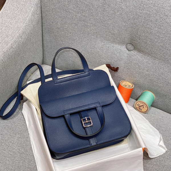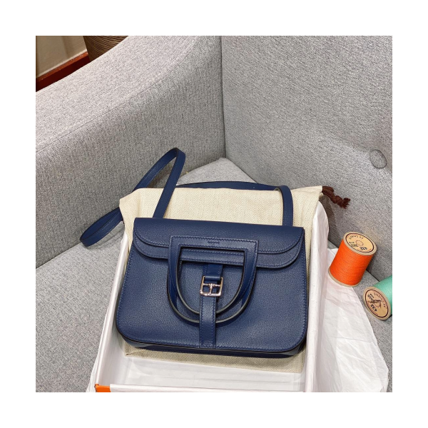 에르메스 미니 할잔백 사파이어블루 은장 스위프트
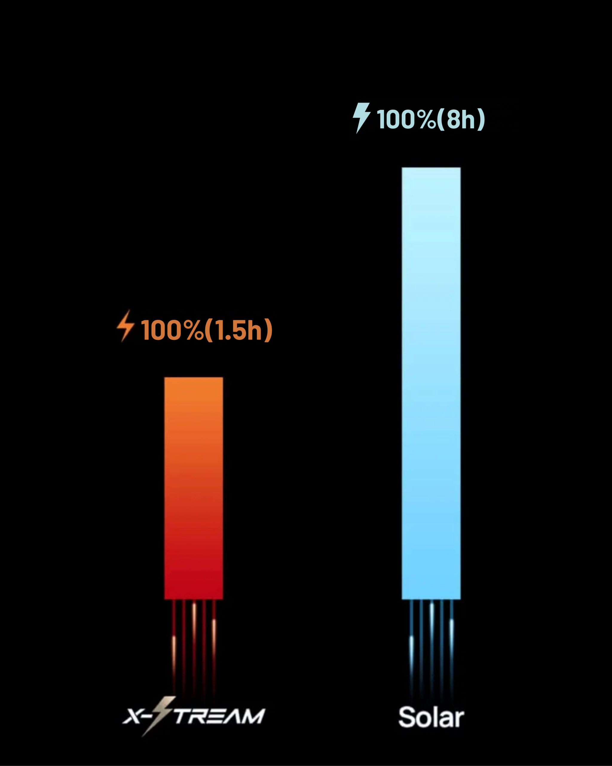 DELTA ชาร์จได้ตั้งแต่ 0-100% เพียง 90 นาที ด้วย X-Stream ซึ่งเป็นเทคโนโลยีการชาร์จสถานีไฟฟ้าแบบพกพาที่เร็วที่สุดในโลก
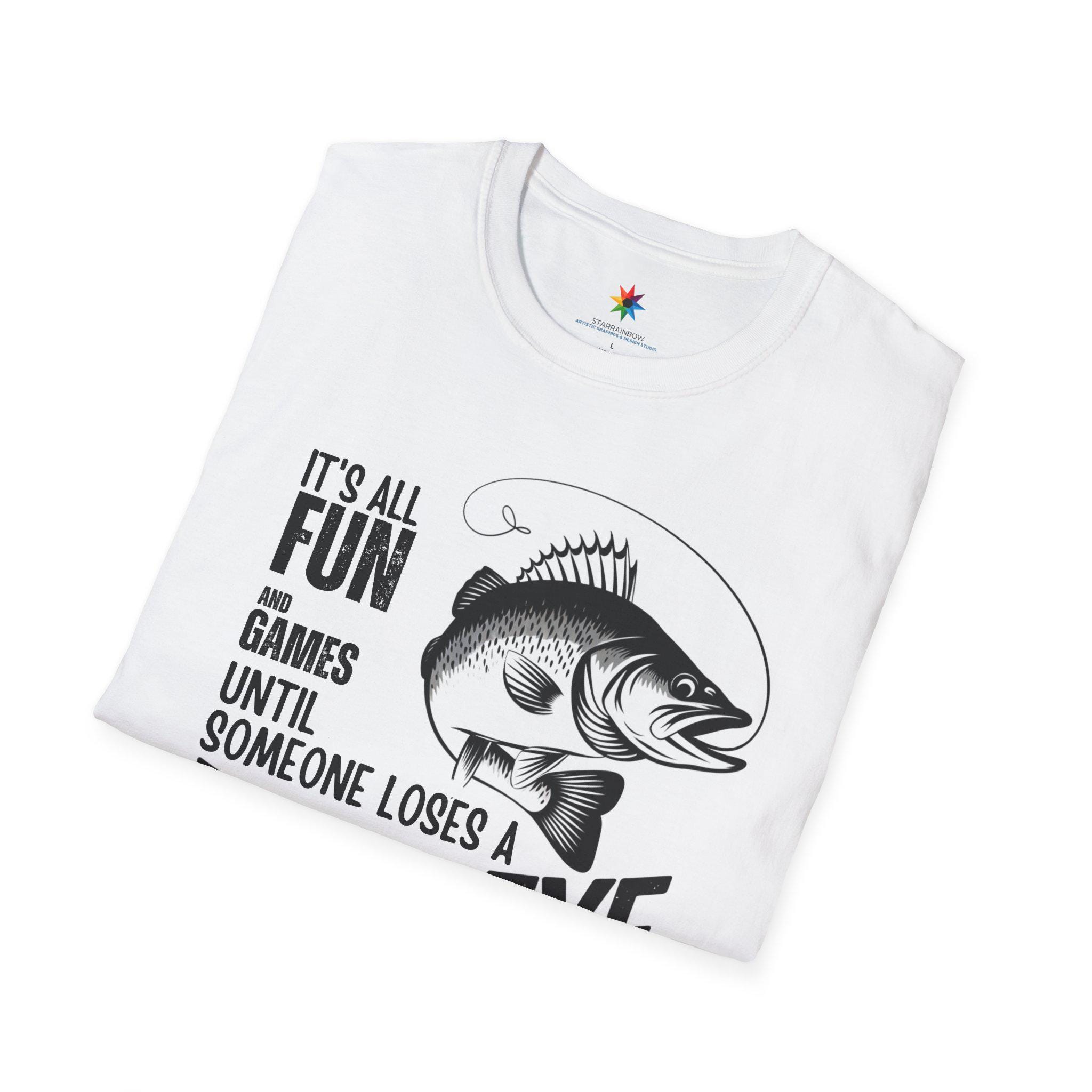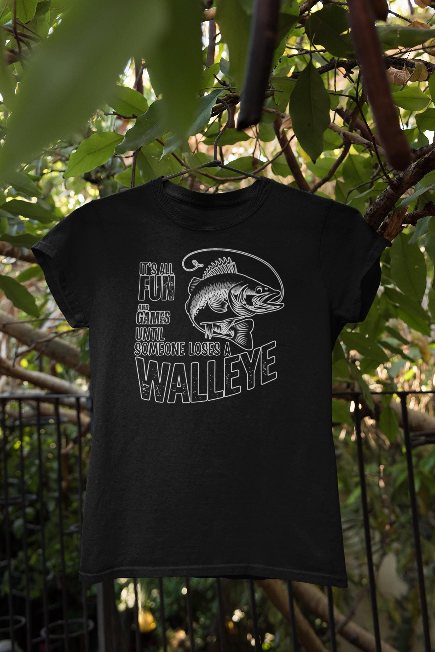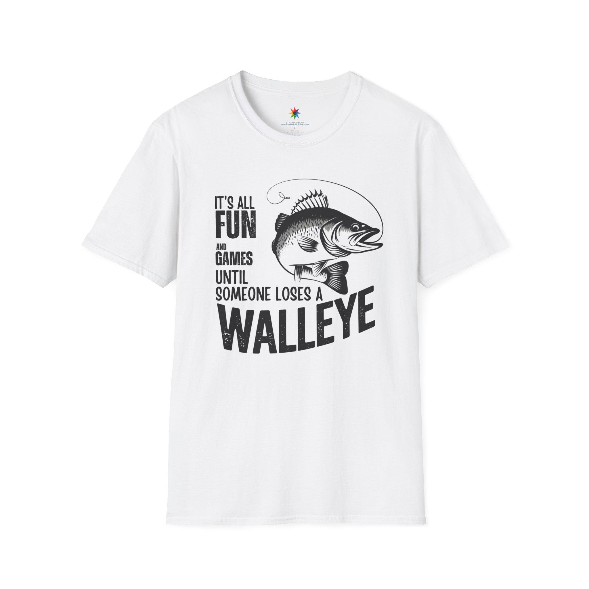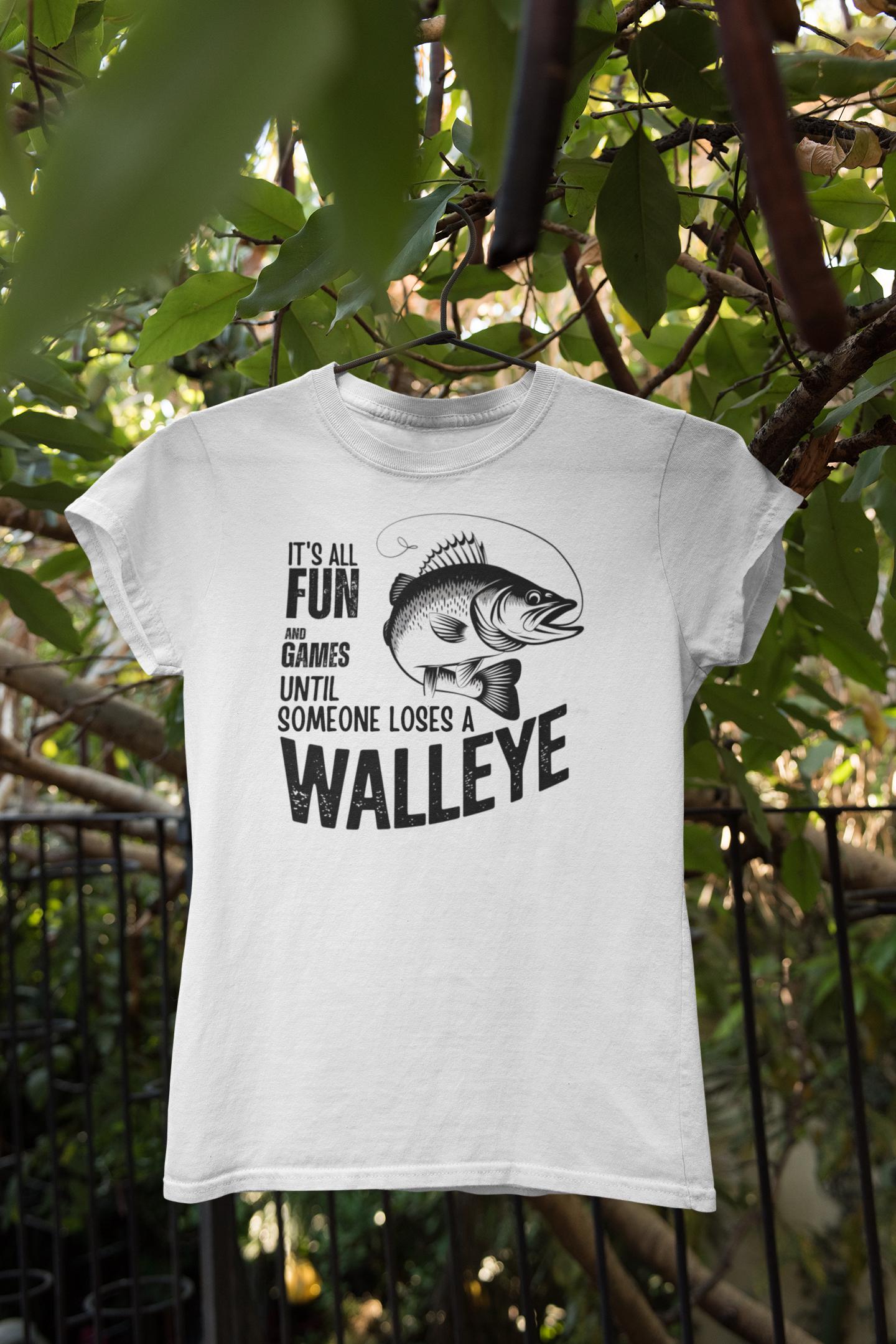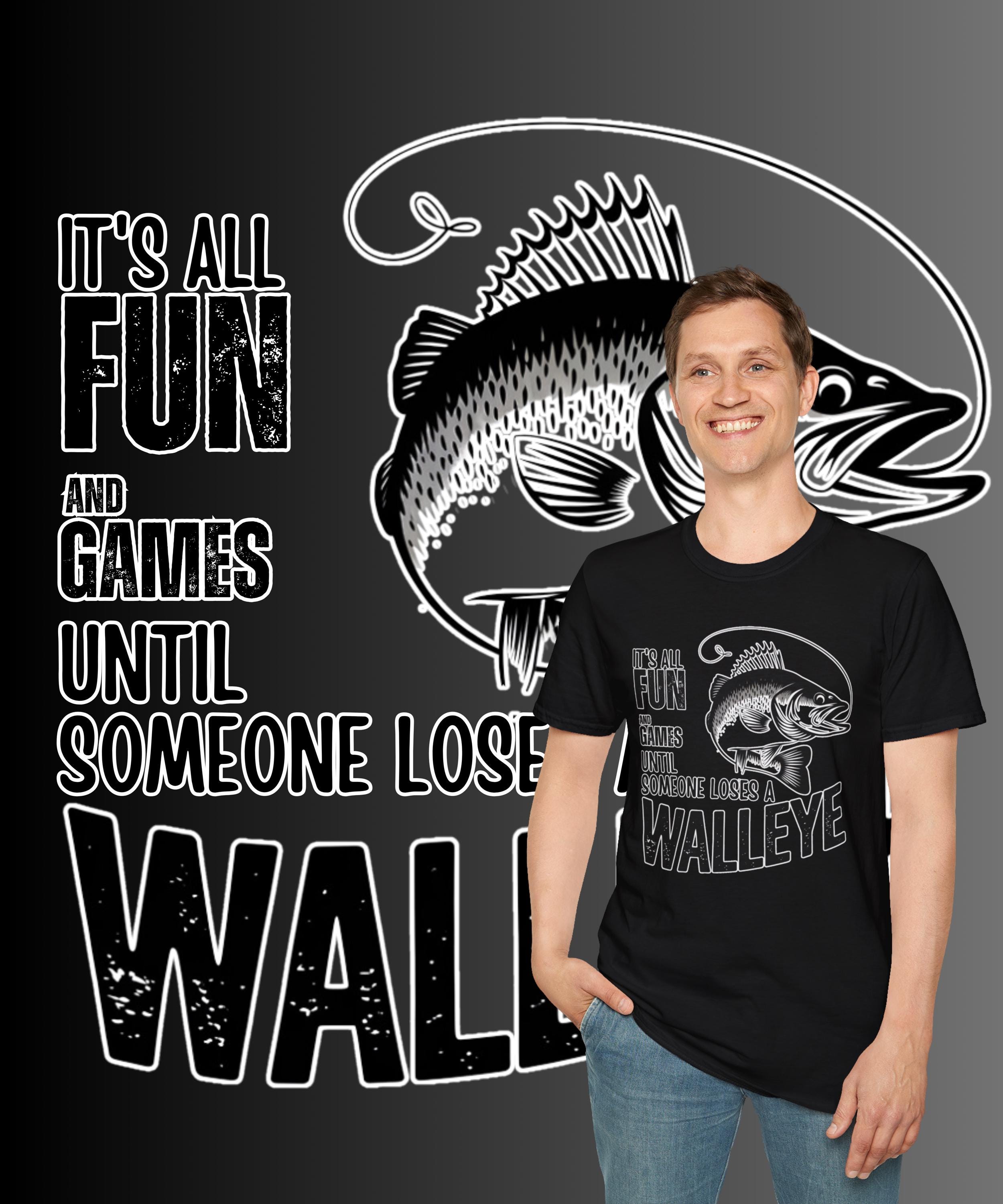 This Walleye Catch Graphic Tee is the perfect fishing gift for men who love spending time outdoors. The design features a humorous and stylish fish print with the phrase "It's all fun and games until someone loses a walleye," making it a great conversation starter shirt for anglers.

━━━━━━

> REQUIREMENT: Give back exactly the lines from the one containing "DELTA ชาร์จได้ตั้งแต่ 0-100%" through the last line above, both included, and none of the pictures.

> ANSWER TO THIS PROBLEM:
 DELTA ชาร์จได้ตั้งแต่ 0-100% เพียง 90 นาที ด้วย X-Stream ซึ่งเป็นเทคโนโลยีการชาร์จสถานีไฟฟ้าแบบพกพาที่เร็วที่สุดในโลก
 This Walleye Catch Graphic Tee is the perfect fishing gift for men who love spending time outdoors. The design features a humorous and stylish fish print with the phrase "It's all fun and games until someone loses a walleye," making it a great conversation starter shirt for anglers.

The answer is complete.